Вот и сейчас она идёт, выпрямив спину, быстро. Её шаг твёрже моего.

- Родителей не помню. Родилась в тридцать девятом. Отец погиб на войне, а мама умерла от голода. Всё отдавала нам, троим детям. Я была самая младшая. Сначала детдомовский садик. Потом детдомовская школа. Потом училище.

В Казахстан попала на стройку. В степи нашли руду. И мы строили там город Рудный. Жили в палатках, сначала сделали времянки, а потом начали поднимать настоящие дома. Запомнились песчаные бури и снежные бураны.
Нас очень хорошо кормили. Я думала, что вся страна так питается.

- И я помню эти бури, когда песок скрипит на зубах, и глаз не открыть. И можно идти только спиной к ветру.
А зимой бураны заметали дома по самые крыши.

 А грибов вдоль дороги видимо- невидимо. Рыжики у самой кромки обочины.
- Вот и зона, где можно упасть в лягу с водой.
Моросит мелкий дождь. Но поворачивать  обратно нам не хочется.
Вот огромным чудовищем стоит на дороге квадрацикл. Я посмотрела на колёса. Одна из больших камер спущена. Видно, пропорол сучок резину.

Вот огромная канава с водой. Через неё не перебраться. За этой канавой Кагатрино болото. Глубина её неизвестна. Только Пашина собачка по кличке МалОй зачем-то лезет в воду.

Малому всё интересно, он любит ходить в лес и на болото. Любопытен. Бежит зигзагами от одной обочины к другой. Маленький, цвета кофе с молоком, радостно кидается вперёд, но возвращается и проверяет: на месте ли хозяйка.

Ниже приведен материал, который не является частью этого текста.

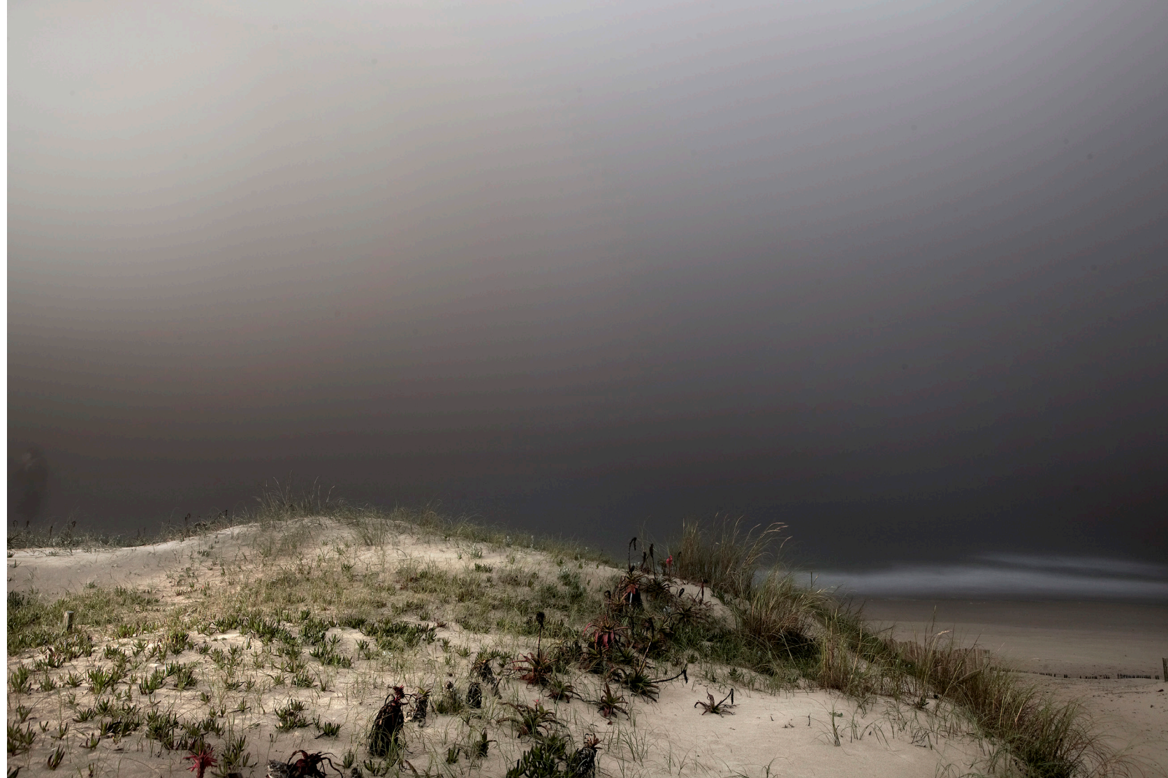
Duna de Maria Virginia 2012

- У меня с канавой связан один случай,- сказала моя попутчица.- Позвонила мне тётка из Кустаная и попросила прислать ей клюквы, а ягод было мало. Я пошла на болото, насобирала уже пол-ведёрка.  И надо было перейти канаву с водой по  тонкой жёрдочке.

 Был солнечный ветреный день. Дошла я до середины, и жёрдочка подо мной сломалась. Я в воде. Раскинула руки, дна нет. Кинулась к берегу, а он обрывается. Чудом выбралась на сушу, разделась догола. Выжала одежду, как могла. Снова оделась и бегом домой.

И я представила, как бежит в мокрой, облепившей тело одежде Паша, как дует пронзительный осенний ветер.

Мы идем дальше. Лес очаровывает. Почти оголились ровные белые стволы высоких берёз. И только их макушки сыплют медленно на нас листья. Лес настелил нам под ноги пестряди. Она плавает в лагах корабликами.

Шли по бревенчатому насту из тонких осин и берёз. А направо просвет на болото.
- Может, зайдём? Я однажды здесь ведёрко ягод набрала, -
говорит она.
Я, молча соглашаюсь, делаю несколько шагов в сторону от самодельных мостков на дороге и замираю очарованная.
На жёлтом блюдце огромной поганки лежат коричневые листья.
Рядом отряд белых, никем не тронутых грибов.
Я наломала их под корень и положила под столбик у дороги.
Никто не возьмёт.
Сделали несколько шагов по разбухшему от воды мху. Даже признаков клюквы не было.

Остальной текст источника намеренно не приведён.